Records drawn from a dataset

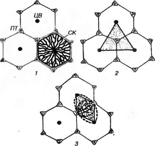 Рис. 5-21. Структурно-функциональные единицы печени: "классическая" долька (1), портальная долька (2), печеночный ацинус (3). ПТ - печеночная триада, СК - синусоидные капилляры, ЦВ - центральная вена. Пунктиром показаны зоны печеночного ацинуса. Объяснение в тексте.
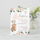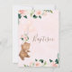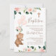 Sweet bear themed girl's baptism invitation featuring a brown bear, three pink balloons and various floral arrangements and pink dots. This bear themed baptism invitation also features a faux rose gold cross and is a cute way to invite guests to a girl's baptism.
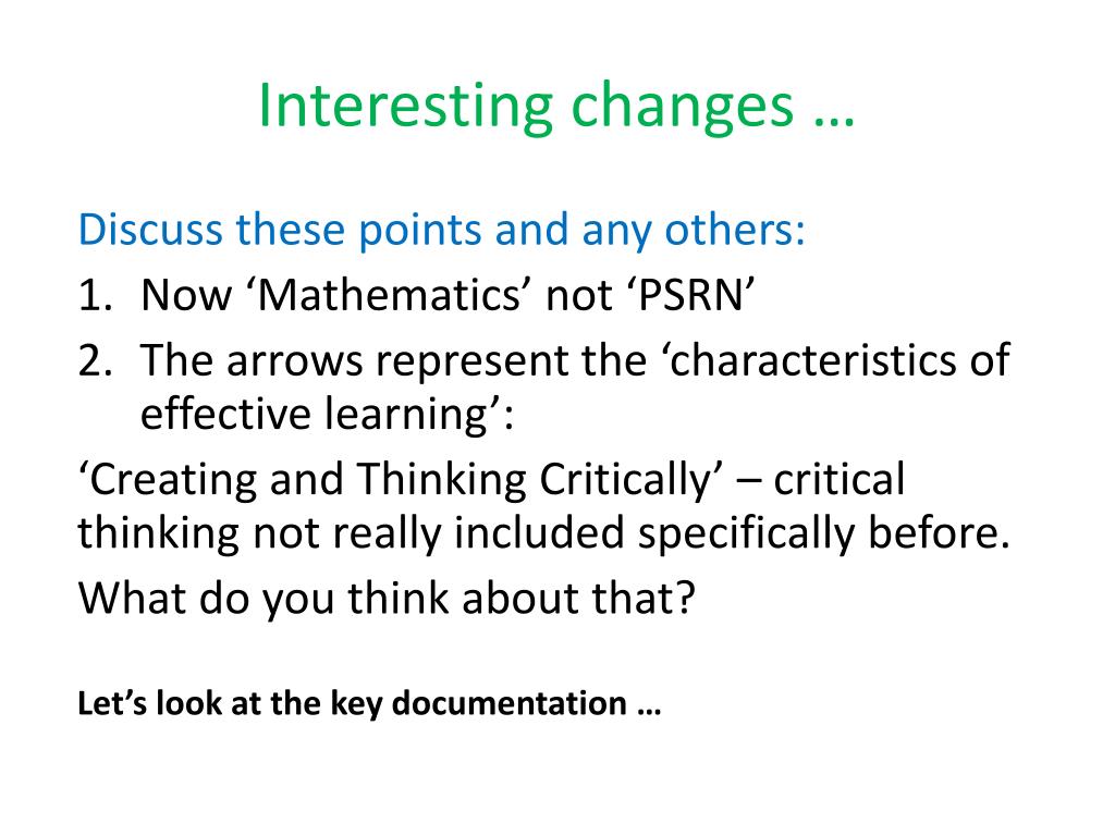 Interesting changes … Discuss these points and any others: • Now ‘Mathematics’ not ‘PSRN’ • The arrows represent the ‘characteristics of effective learning’: ‘Creating and Thinking Critically’ – critical thinking not really included specifically before. What do you think about that? Let’s look at the key documentation …
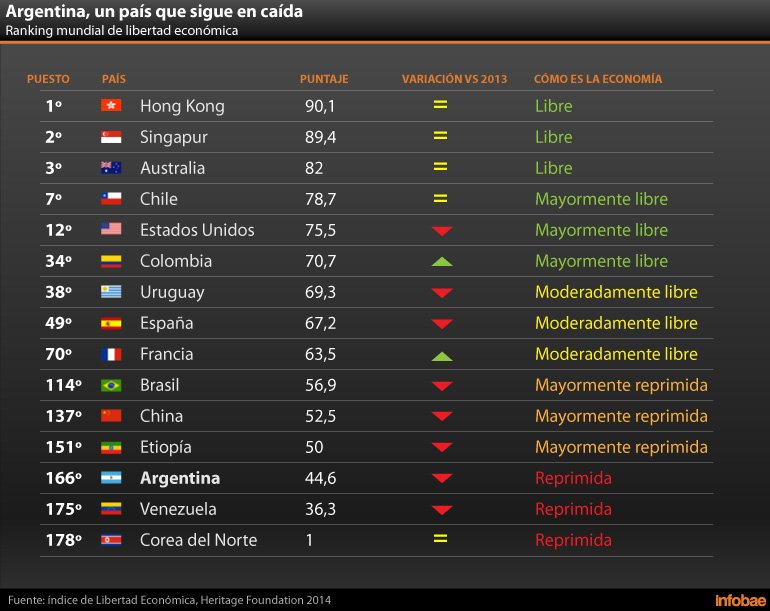 14/01/14 08:15 hs.-Descendió seis lugares hasta la posición 166 entre 178 países. Según el índice de la Heritage Foundation, es una «economía reprimida» con alta inflación, control de precios y un BCRA que «no es más independiente». Infografía
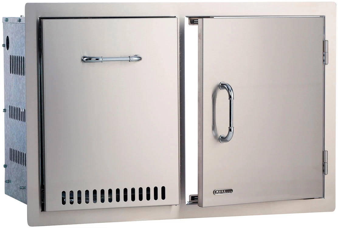 Das Schubladen-Kombi-Modul von Bull bietet einen großen, belüfteten Schubladen-Auszug und eine rechts angeschlagene Tür in einem gemeinsamen Einbaurahmen. So haben Sie viel Platz zum Unterbringen von Grillzubehör.
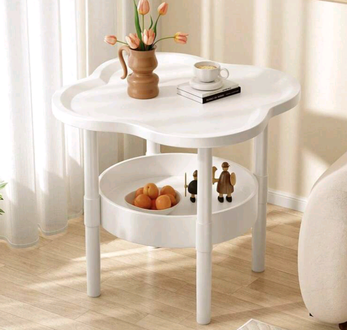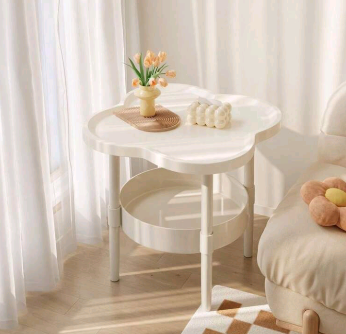This 1Pc Sofa Side Table combines modern aesthetics with practical functionality. Made from durable, high-quality plastic, it features a creative flower petal-shaped tabletop that adds a touch of elegance to any room. Its double-layer storage design offers extra space for organizing books, decor items, remotes, or beverages. Lightweight yet sturdy, this table is easy to move and clean, making it ideal for use as a coffee table, bedside stand, or decorative accent. Perfect for living rooms, bedrooms, or offices, it embodies a minimalist style that complements both contemporary and cozy interiors effortlessly. Assembly is quick, simple, and tool-free.
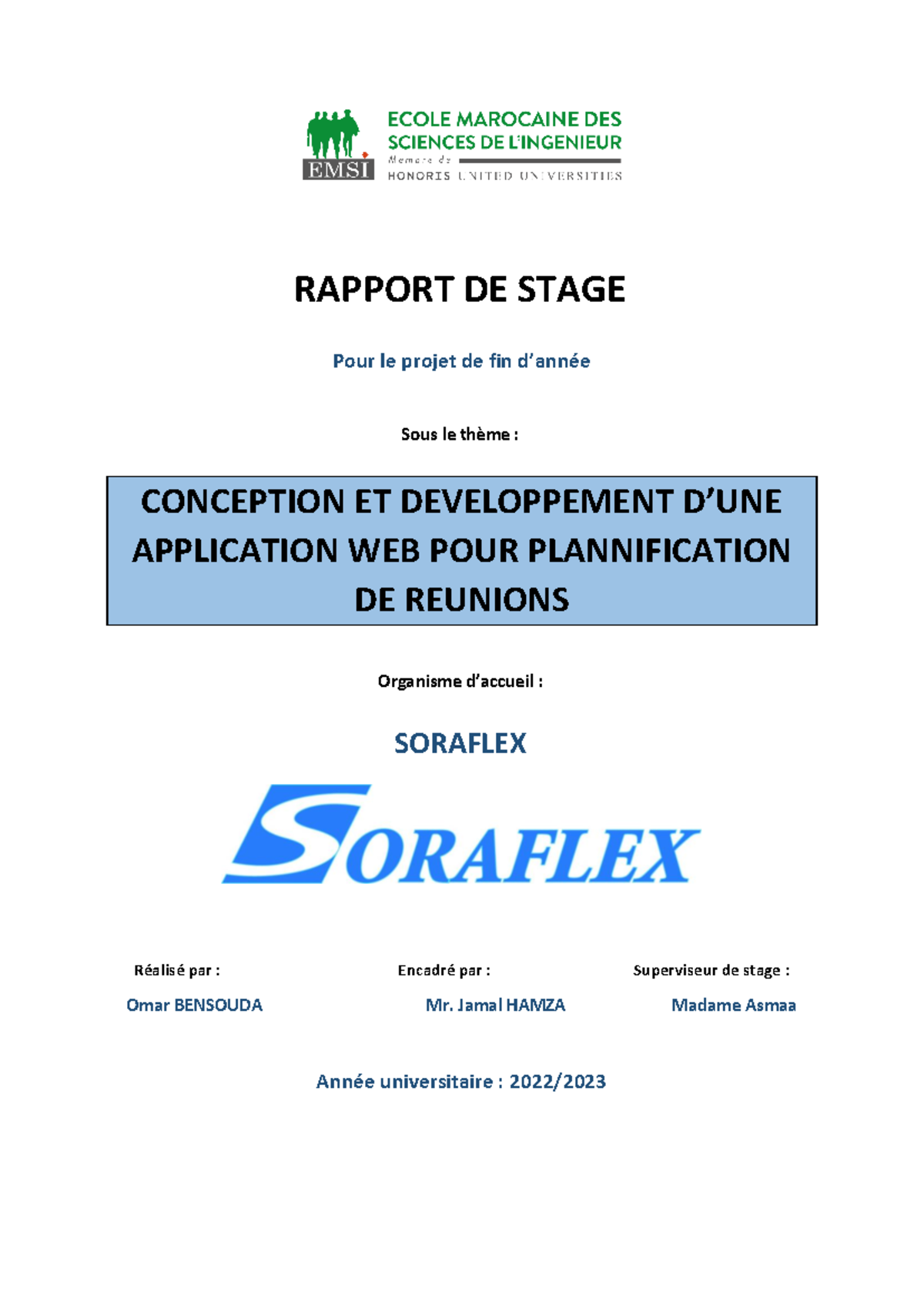 RAPPORT DE STAGE : CONCEPTION D'UNE APPLICATION WEB POUR SORAFLEX - Studocu

WHAT TO WORK ON:
Precisely those lines above that run from the line with "Sweet bear themed" up to and including the line with "Interesting changes …" are to be set down, with the pictures omitted.

RESULT:
 Sweet bear themed girl's baptism invitation featuring a brown bear, three pink balloons and various floral arrangements and pink dots. This bear themed baptism invitation also features a faux rose gold cross and is a cute way to invite guests to a girl's baptism.
 Interesting changes … Discuss these points and any others: • Now ‘Mathematics’ not ‘PSRN’ • The arrows represent the ‘characteristics of effective learning’: ‘Creating and Thinking Critically’ – critical thinking not really included specifically before. What do you think about that? Let’s look at the key documentation …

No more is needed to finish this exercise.